:: Task data

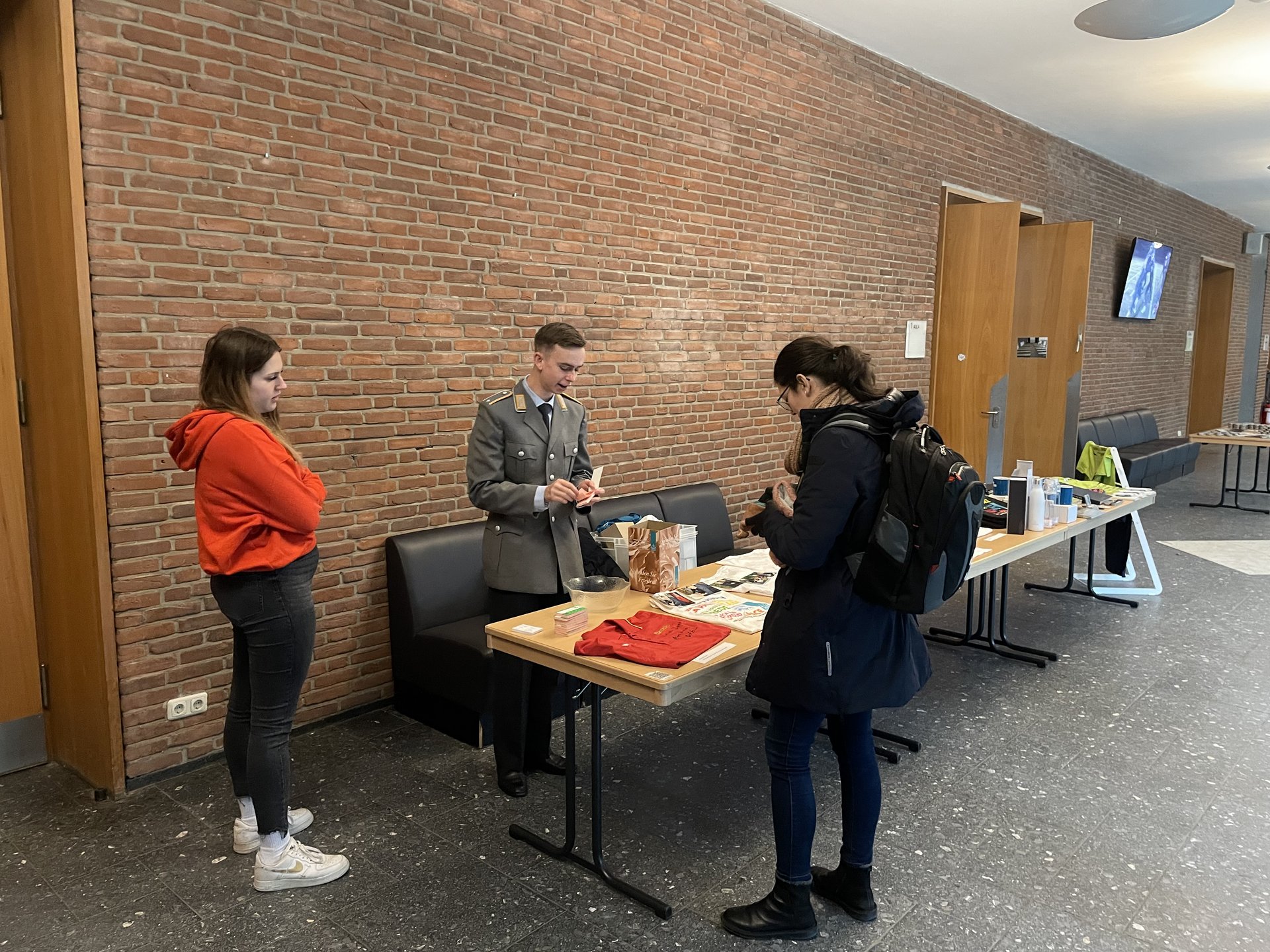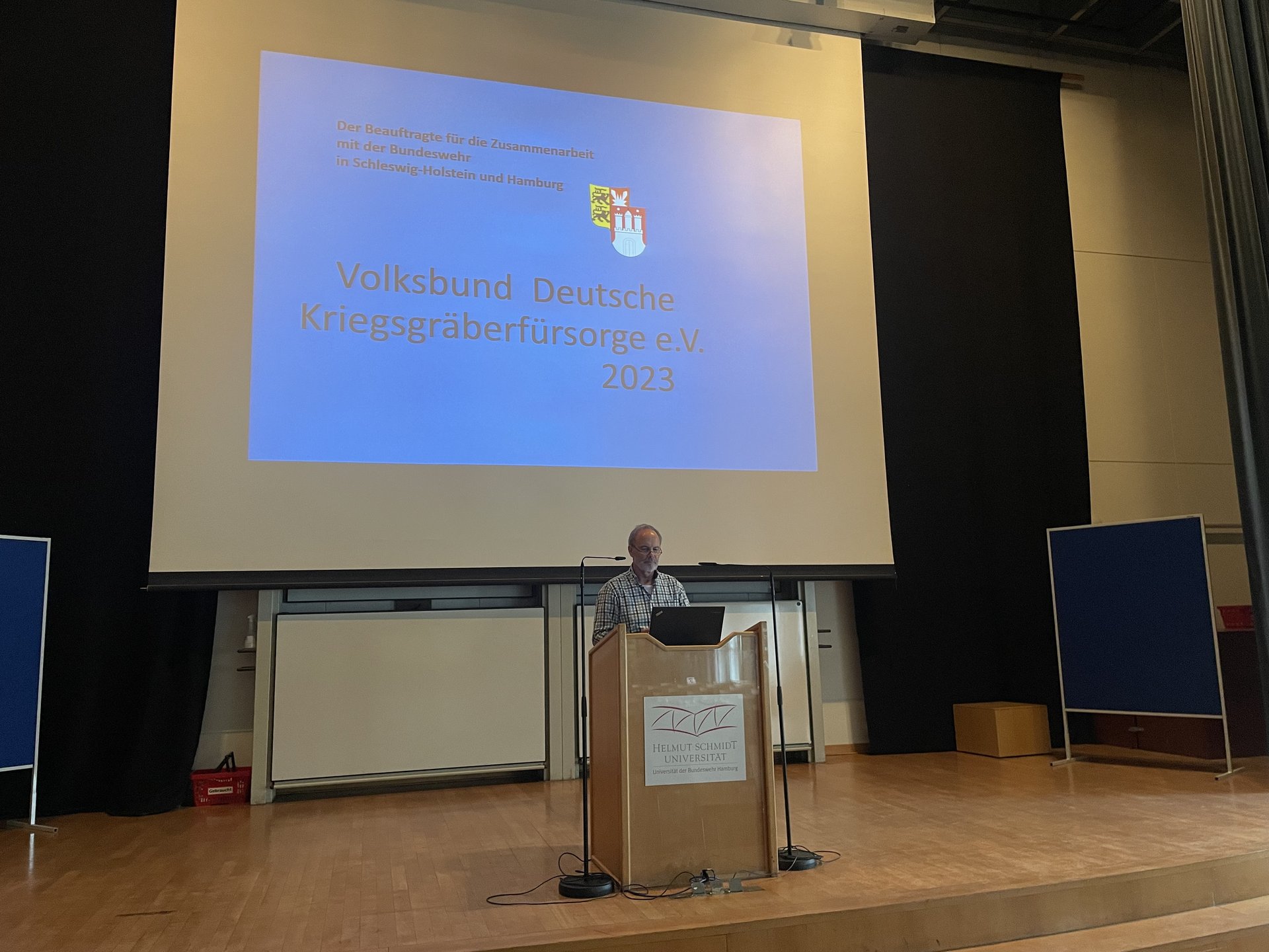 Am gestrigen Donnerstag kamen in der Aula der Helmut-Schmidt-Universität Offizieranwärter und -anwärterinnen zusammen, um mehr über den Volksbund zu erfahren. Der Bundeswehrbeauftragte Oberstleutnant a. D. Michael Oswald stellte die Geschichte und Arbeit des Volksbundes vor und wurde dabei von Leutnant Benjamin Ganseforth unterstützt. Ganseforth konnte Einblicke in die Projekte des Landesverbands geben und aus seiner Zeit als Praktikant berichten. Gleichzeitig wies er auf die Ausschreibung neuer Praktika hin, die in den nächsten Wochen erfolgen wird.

::::
:: Task data

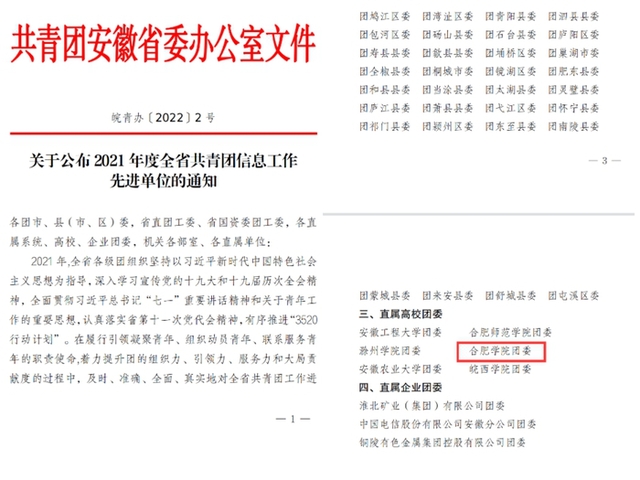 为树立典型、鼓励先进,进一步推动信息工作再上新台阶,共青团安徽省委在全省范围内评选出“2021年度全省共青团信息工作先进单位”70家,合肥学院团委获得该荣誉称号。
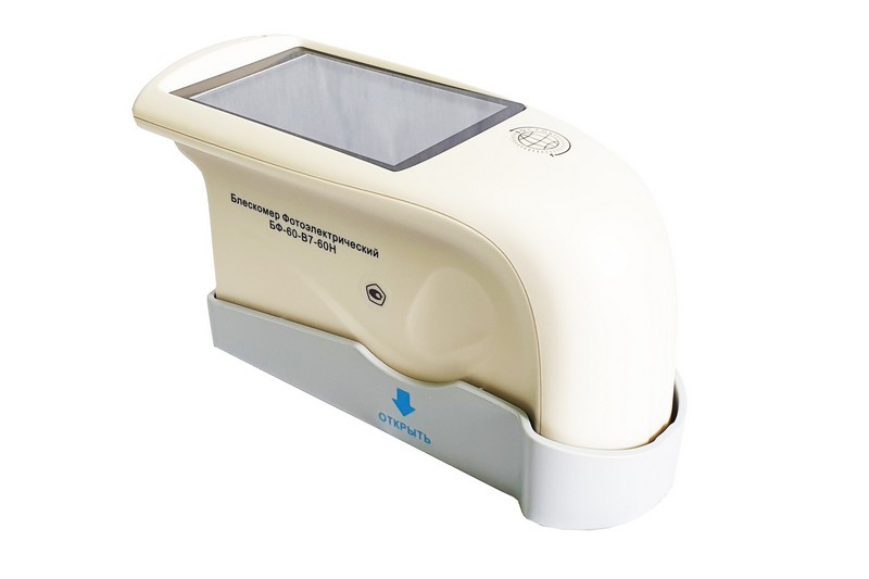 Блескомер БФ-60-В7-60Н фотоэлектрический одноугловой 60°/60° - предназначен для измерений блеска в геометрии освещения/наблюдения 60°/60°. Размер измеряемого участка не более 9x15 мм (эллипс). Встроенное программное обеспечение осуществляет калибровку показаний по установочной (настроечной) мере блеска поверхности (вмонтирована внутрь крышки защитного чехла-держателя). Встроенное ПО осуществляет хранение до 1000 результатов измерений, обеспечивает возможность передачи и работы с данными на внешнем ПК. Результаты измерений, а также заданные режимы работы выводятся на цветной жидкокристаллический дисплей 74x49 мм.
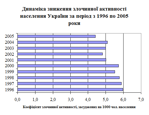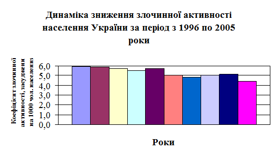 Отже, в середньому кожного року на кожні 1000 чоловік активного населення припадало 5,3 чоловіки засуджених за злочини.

::::
:: Task data

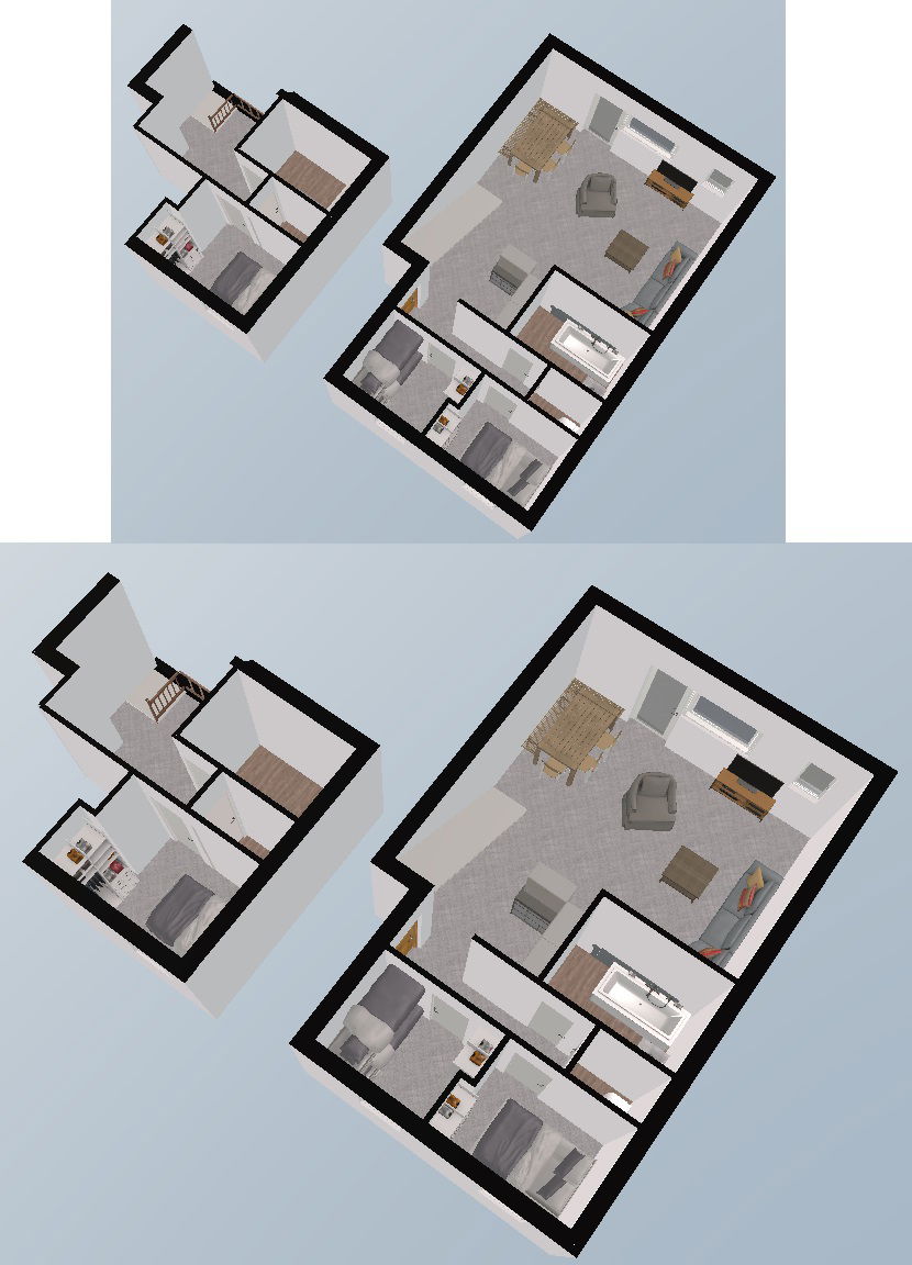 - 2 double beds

::::

* Directions *
Look above for the line with "为树立典型、鼓励先进,进一步" and the line with "Отже, в середньому", then copy exactly the lines from the first through the second, both kept, with no pictures.

* Solution *
 为树立典型、鼓励先进,进一步推动信息工作再上新台阶,共青团安徽省委在全省范围内评选出“2021年度全省共青团信息工作先进单位”70家,合肥学院团委获得该荣誉称号。
 Блескомер БФ-60-В7-60Н фотоэлектрический одноугловой 60°/60° - предназначен для измерений блеска в геометрии освещения/наблюдения 60°/60°. Размер измеряемого участка не более 9x15 мм (эллипс). Встроенное программное обеспечение осуществляет калибровку показаний по установочной (настроечной) мере блеска поверхности (вмонтирована внутрь крышки защитного чехла-держателя). Встроенное ПО осуществляет хранение до 1000 результатов измерений, обеспечивает возможность передачи и работы с данными на внешнем ПК. Результаты измерений, а также заданные режимы работы выводятся на цветной жидкокристаллический дисплей 74x49 мм.
 Отже, в середньому кожного року на кожні 1000 чоловік активного населення припадало 5,3 чоловіки засуджених за злочини.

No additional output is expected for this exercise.